I bought a barrel stove kit a few weeks ago at NT. It said Vogelzang on the box, but the kit says barrel stove on the door. I know its not the same quality as my buddies volgzang stove. Even tho its in a Vogelzang box, it looks like a US Stove http://www.alpinehomeair.com/viewpr...from=froogle&gclid=CMPguLKv-cICFVIV7AodoRQAiQ. Kind of pissed me off considering I bought it about 350 miles from home and it was just to far to take it back. With that said, if you are going to buy a barrel stove kit, make sure the door says Vogelzang on the door and Not Barrel Stove. Even with the difference in quality, (thinner cast iron), I put the kit together and it will run you out of the shop. I dont follow instructions to well. I placed the door as high as I could and covered the small barrel bung. I removed the 2in barrel bung and installed a 2in nipple. To cover the nipple, I just cut out a round piece of metal, welded a nut to the nipple on top and ran a bolt thru it to the round piece of metal. I just push or pull the round flap for draft control. I can fill the stove with wood, close off the damper and draft, and have fire 12hrs later.


----------



## Gypo Logger (Jan 3, 2015)

muddstopper said:


> I bought a barrel stove kit a few weeks ago at NT. It said Vogelzang on the box, but the kit says barrel stove on the door. I know its not the same quality as my buddies volgzang stove. Even tho its in a Vogelzang box, it looks like a US Stove http://www.alpinehomeair.com/viewpr...from=froogle&gclid=CMPguLKv-cICFVIV7AodoRQAiQ. Kind of pissed me off considering I bought it about 350 miles from home and it was just to far to take it back. With that said, if you are going to buy a barrel stove kit, make sure the door says Vogelzang on the door and Not Barrel Stove. Even with the difference in quality, (thinner cast iron), I put the kit together and it will run you out of the shop. I dont follow instructions to well. I placed the door as high as I could and covered the small barrel bung. I removed the 2in barrel bung and installed a 2in nipple. To cover the nipple, I just cut out a round piece of metal, welded a nut to the nipple on top and ran a bolt thru it to the round piece of metal. I just push or pull the round flap for draft control. I can fill the stove with wood, close off the damper and draft, and have fire 12hrs later.


Is this one similar? Looks like good quality.


----------



## Gypo Logger (Jan 3, 2015)

The cat's got the right idea!


----------



## bluesportster02 (Jan 3, 2015)

Gypo Logger said:


> Is this one similar? Looks like good quality.View attachment 391781


this one is an air tight it has rope seals on both doors


----------



## muddstopper (Jan 3, 2015)

yea, thats what I thought I was getting.

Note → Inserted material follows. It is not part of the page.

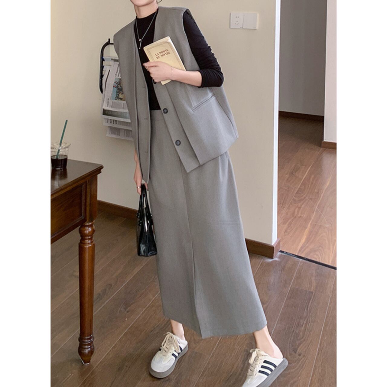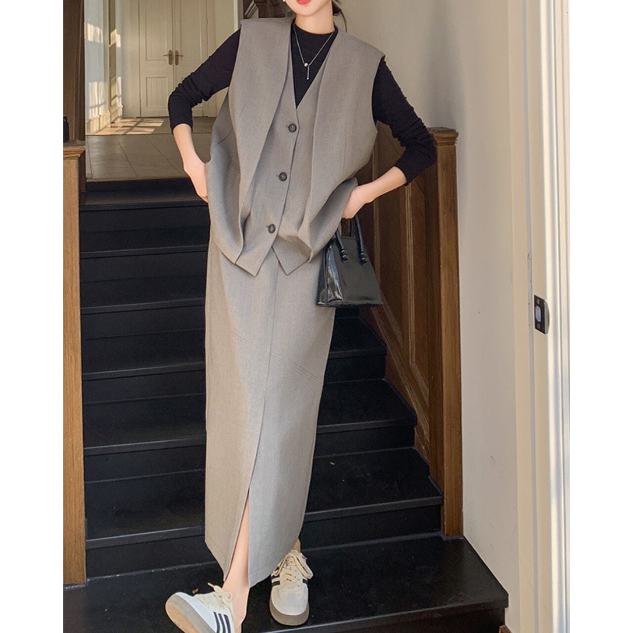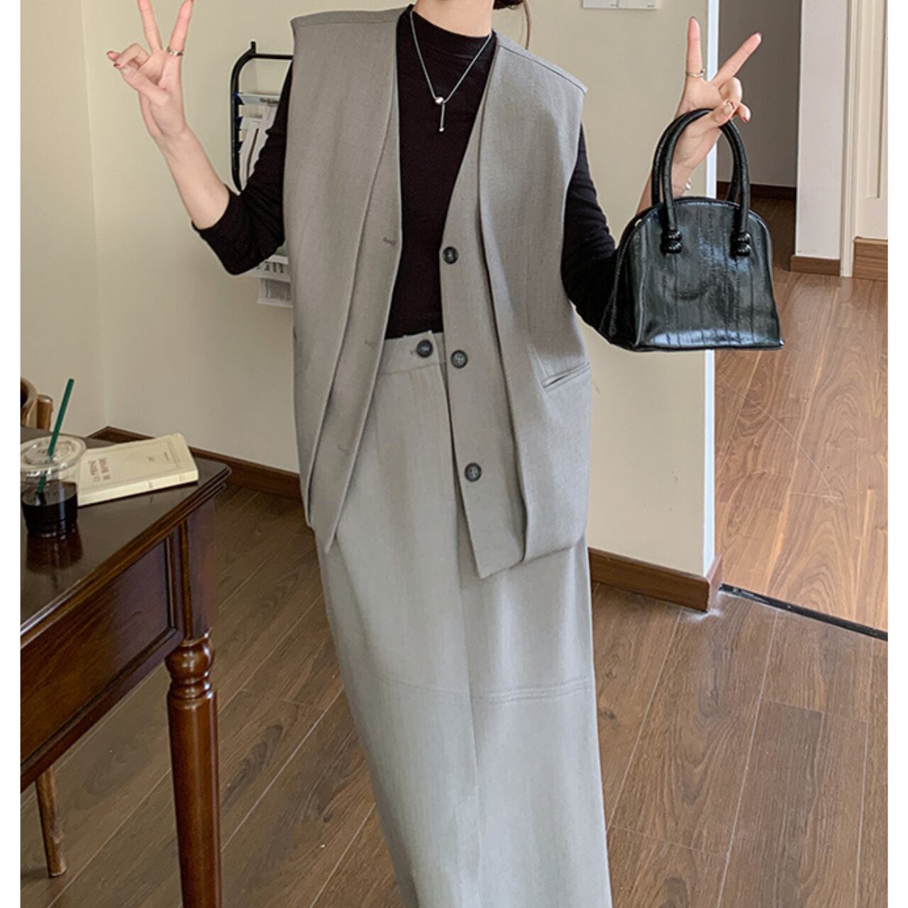 洗練されたデザインのロングベストとスカートのセットアップ。 ロング丈のベストは、気になる腰回りもカバー。 Aラインシルエットのスカートが、女性らしい柔らかな印象を与えます。 普段使いはもちろん、お出かけにもおすすめです◎ ◼️サイズ 【S】 肩幅: 41cm 胸囲: 108cm 着丈: 59cm 【M】 肩幅: 42cm 胸囲: 112cm 着丈: 60cm 【L】 肩幅: 43cm 胸囲: 116cm 着丈: 61cm 【XL】 肩幅: 44cm 胸囲: 120cm 着丈: 62cm 【S】ウエスト:66cm スカート丈:80cm 【M】ウエスト:70cm スカート丈:81cm 【L】ウエスト:74cm スカート丈:82cm 【XL】ウエスト:78cm スカート丈:83cm ◼️カラー グレー 【お届けについて】 こちらの商品は海外店舗より直接発送となる為、ご入金から1〜3週間でお届けいたします。 ◼️注意事項 ・タイミングによっては 商品在庫切れにより注文キャンセルとさせていただく恐れもございますので、予めご了承くださいませ。 ・日本製とは検品基準が異なる為、縫製などが若干甘い場合があります。 ・海外倉庫にて保管をしております。在庫情報に時差が生じますため在庫切れや生産中止、生産に遅れがある場合は、受注後でもキャンセルさせていただく恐れがございます。 ・商品の色味は、お手持ちのスマートフォンの画面によって実物と若干異なる場合がございます。 ・発送時期によりデザイン仕様(細部、素材など)の変更がある場合がございます。 ・イメージ違いやサイズ交換等、お客さまご都合による交換、返品は対応出来かねます。 ———————————— 誠に恐れ入りますが、ご購入前に以下をご確認頂きご承諾の上お買い求めくださいませ。 →https://petitelune.official.ec/about ————————————
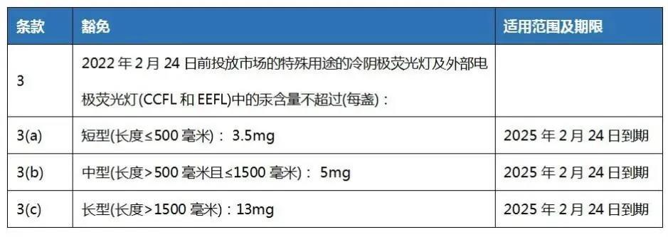 根据(EU) 2022/274,RoHS指令(2011/65/EU)附件III第3, 3(a), 3(b) and 3(c)条被替代如下:

Should have opened the box before I left the store. What I got also says China on it. The box definately said Voglezan,


----------



## Philbert (Jan 3, 2015)

Gypo Logger said:


> The cat's got the right idea!



Is that cat named '_Sam McGee_'?

Philbert


----------



## Gypo Logger (Jan 3, 2015)

Hot Russian stove.


----------



## Gypo Logger (Jan 3, 2015)

Philbert said:


> Is that cat named '_Sam McGee_'?
> 
> Philbert


Lol, that's what I was thinking too.


----------



## sledge&wedge (Jan 14, 2016)

For those of you that now or previously used a double-barrel setup --- Did you ever look into running some small diameter steel pipe through both ends of the upper barrel (and welding it in) and setting up a blower of some kind on one end to push cold air through and heated air out the other end? I am getting ready to start building a double-barrel and am debating on whether or not to try this trick. The second barrel is already intended to act as a heat sink; seems to me adding some forced air tubes through it would greatly increase the heat you can get out of the setup. Thoughts???


----------



## svk (Jan 14, 2016)

sledge&wedge said:


> For those of you that now or previously used a double-barrel setup --- Did you ever look into running some small diameter steel pipe through both ends of the upper barrel (and welding it in) and setting up a blower of some kind on one end to push cold air through and heated air out the other end? I am getting ready to start building a double-barrel and am debating on whether or not to try this trick. The second barrel is already intended to act as a heat sink; seems to me adding some forced air tubes through it would greatly increase the heat you can get out of the setup. Thoughts???


Heck of an idea.


----------



## Philbert (Jan 14, 2016)

sledge&wedge said:


> Did you ever look into running some small diameter steel pipe through both ends of the upper barrel (and welding it in) . . .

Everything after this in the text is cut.